• **Assignment**: An exact transcription of all the records, free of pictures, is the expected answer.

** Opening Records provided block **

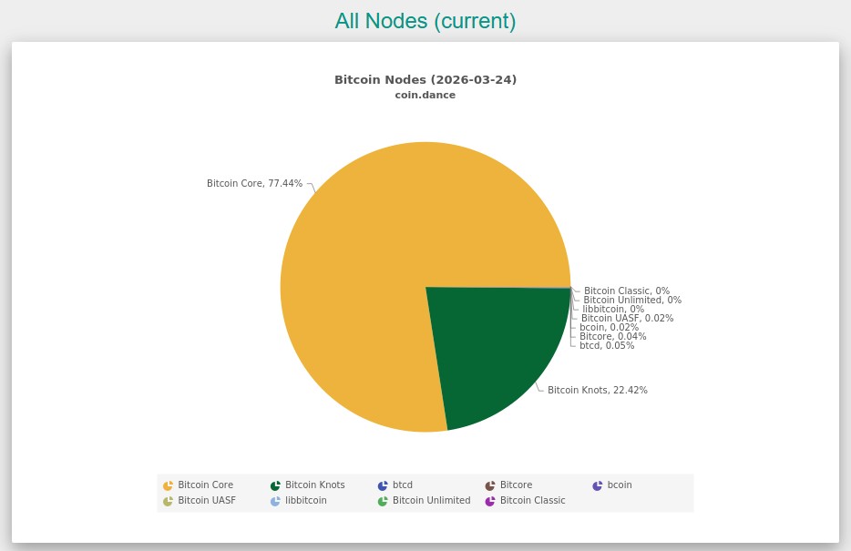 Atualmente, o Bitcoin Core é o software dominante entre usuários, com 17.708 dos 22.866 nodes públicos, seguido pelo Bitcoin Knots com 5.126, enquanto outras alternativas têm adoção limitada.
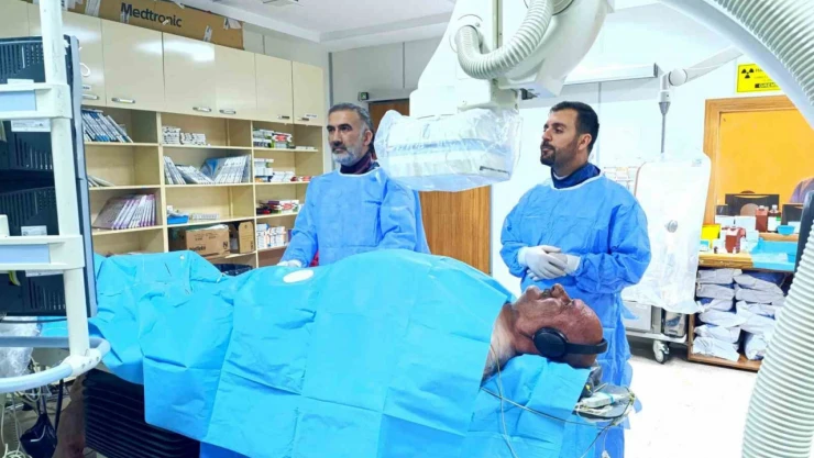 Van Eğitim ve Araştırma Hastanesi bünyesindeki Kalp Merkezinde, anjiyo sırasında hastaların kaygı ve strese kapılmamaları için müzik dinletiliyor.
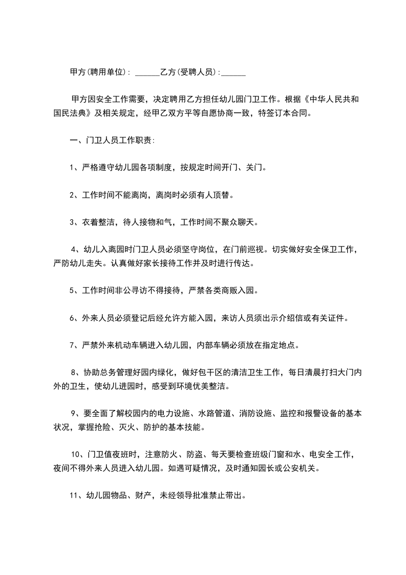 甲方因安全工作需要,决定聘用乙方担任庄上幼儿园门卫工作。根据《中华人民共和国民法典》及相关规定,经甲乙双方平等自愿协商一致,特签订本合同。
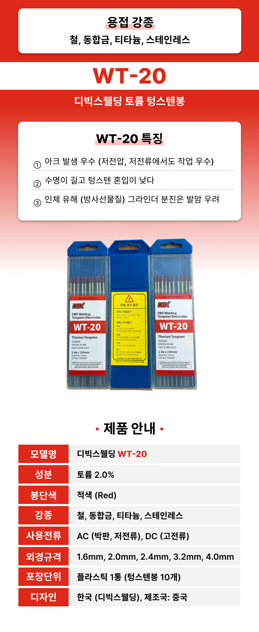 텅스텐봉 WT-20, WL-15 & WP > 용접재료
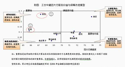四大行如何提升客户满意度,维护优质客户忠诚呢?《2006年金融服务指数研究报告》采用“零点服务价值与保障改进模型”对四大行服务水平和改进方向进行了分析,结果显示:“快速”和“默契”是两大短板,四大行应着力改进。
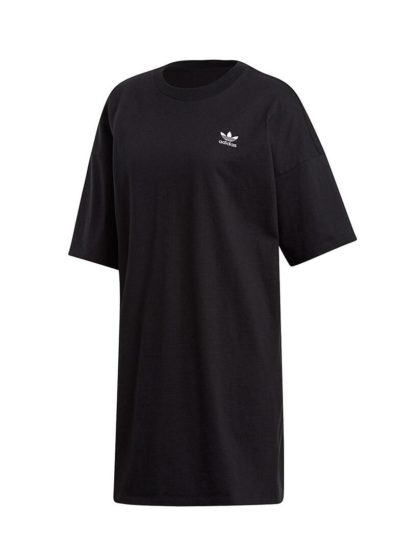 Vestido Adidas Modelo Trefoil Cor preta Manga curta. Pescoço redondo. Logotipo grande nas costas. Ajuste solto. Aberturas laterais. Logo no peito. Tecido leve O modelo está usando tamanho 34.
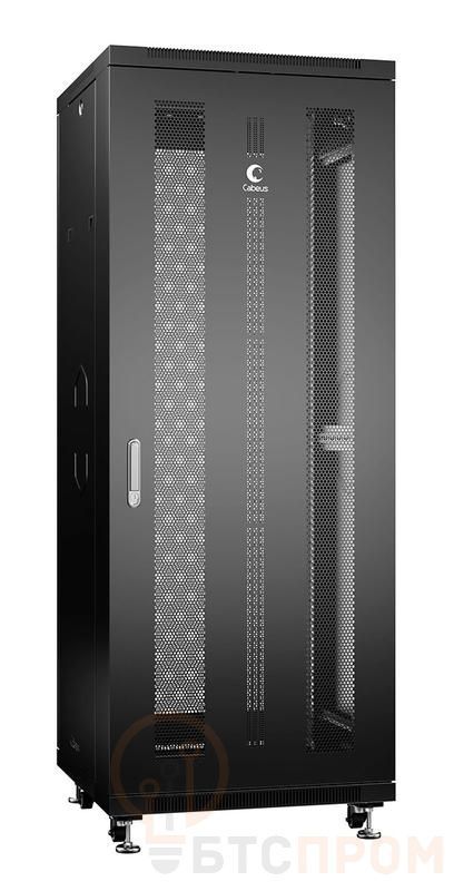 Шкаф монтажный телекоммуникационный напольн. ND-05C-32U60/60-BK 19дюйм 32U 600х600х1610мм для распределит. и серверн. оборудования; передн. и задн. перфорир. двери ручка с замком RAL 9004 черн. Cabeus 8551c
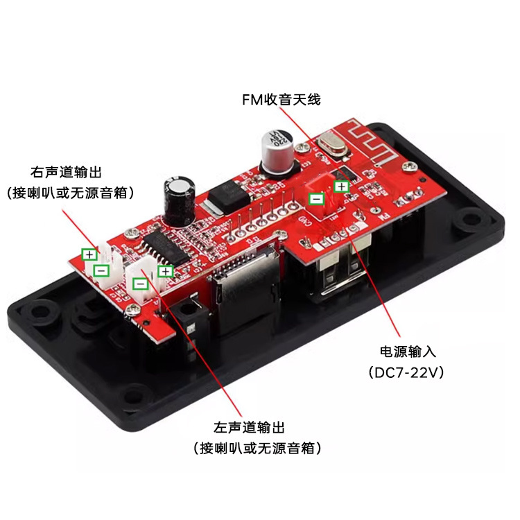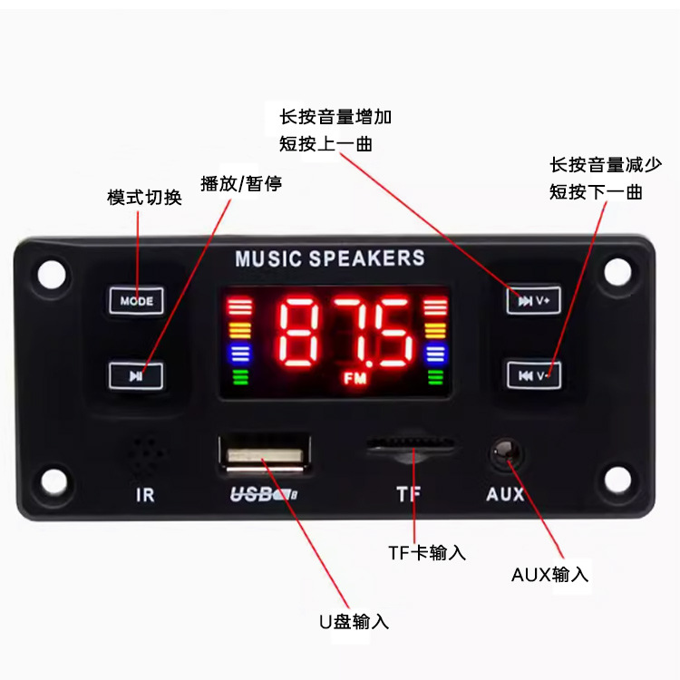2*30W蓝牙解码器立体声功放板彩屏带录音通话DIY无损音频音响音箱
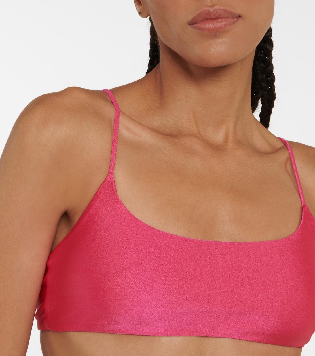 Познакомьтесь с эстетикой Jade Swim, воплощающей концепцию меньше значит больше, в моделях с минимальным закрытием, таких как бикини-топ Muse. Этот блестящий розовый купальник выполнен из ткани, устойчивой к воздействию хлора, масел и кремов. Сочетайте с подходящими низами.
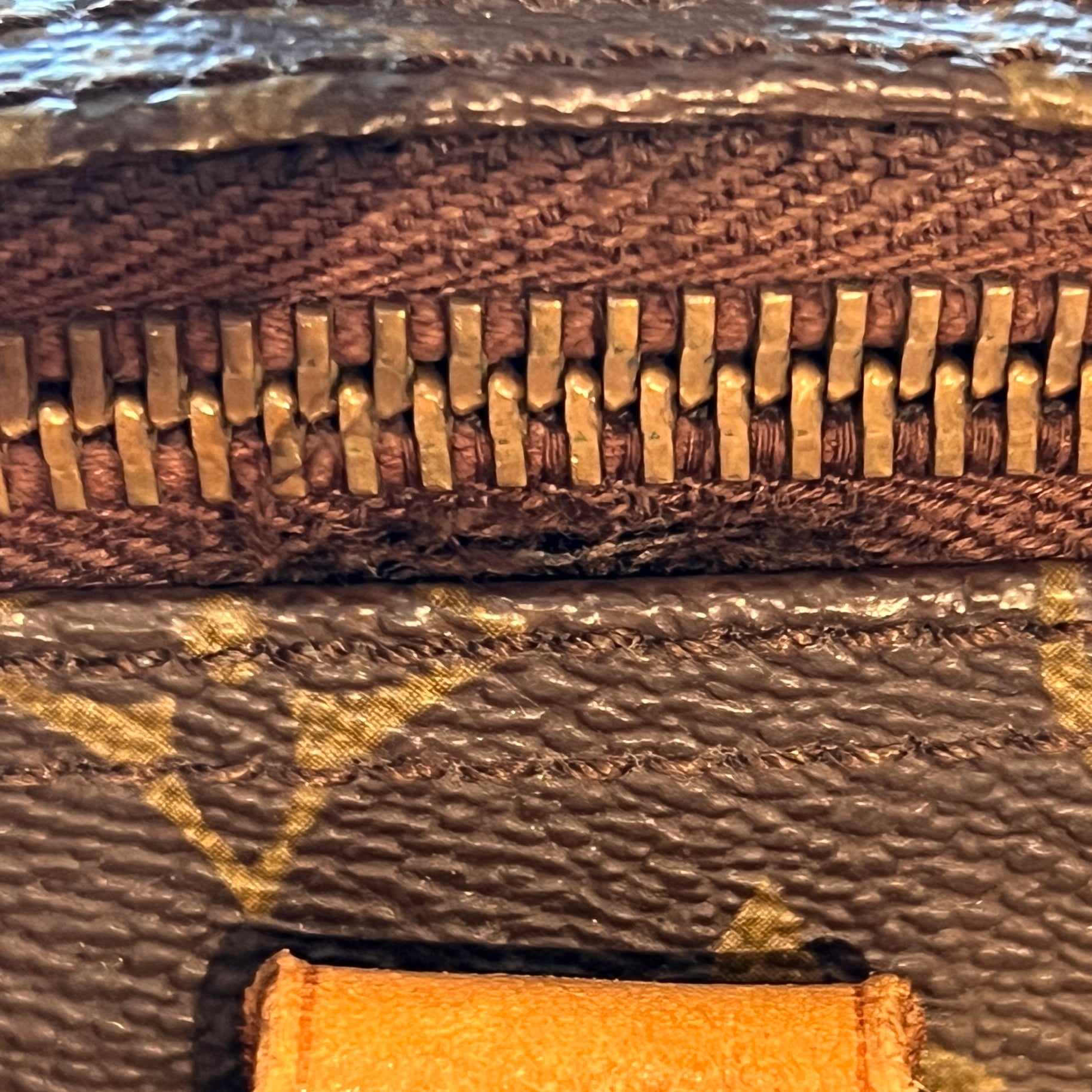 - Exterior: Has stains on the vachetta, fraying on the zipper body.

** Closing Records provided block **

• **Exercise result**:
 Atualmente, o Bitcoin Core é o software dominante entre usuários, com 17.708 dos 22.866 nodes públicos, seguido pelo Bitcoin Knots com 5.126, enquanto outras alternativas têm adoção limitada.
 Van Eğitim ve Araştırma Hastanesi bünyesindeki Kalp Merkezinde, anjiyo sırasında hastaların kaygı ve strese kapılmamaları için müzik dinletiliyor.
 甲方因安全工作需要,决定聘用乙方担任庄上幼儿园门卫工作。根据《中华人民共和国民法典》及相关规定,经甲乙双方平等自愿协商一致,特签订本合同。
 텅스텐봉 WT-20, WL-15 & WP > 용접재료
四大行如何提升客户满意度,维护优质客户忠诚呢?《2006年金融服务指数研究报告》采用“零点服务价值与保障改进模型”对四大行服务水平和改进方向进行了分析,结果显示:“快速”和“默契”是两大短板,四大行应着力改进。
 Vestido Adidas Modelo Trefoil Cor preta Manga curta. Pescoço redondo. Logotipo grande nas costas. Ajuste solto. Aberturas laterais. Logo no peito. Tecido leve O modelo está usando tamanho 34.
 Шкаф монтажный телекоммуникационный напольн. ND-05C-32U60/60-BK 19дюйм 32U 600х600х1610мм для распределит. и серверн. оборудования; передн. и задн. перфорир. двери ручка с замком RAL 9004 черн. Cabeus 8551c
2*30W蓝牙解码器立体声功放板彩屏带录音通话DIY无损音频音响音箱
 Познакомьтесь с эстетикой Jade Swim, воплощающей концепцию меньше значит больше, в моделях с минимальным закрытием, таких как бикини-топ Muse. Этот блестящий розовый купальник выполнен из ткани, устойчивой к воздействию хлора, масел и кремов. Сочетайте с подходящими низами.
 - Exterior: Has stains on the vachetta, fraying on the zipper body.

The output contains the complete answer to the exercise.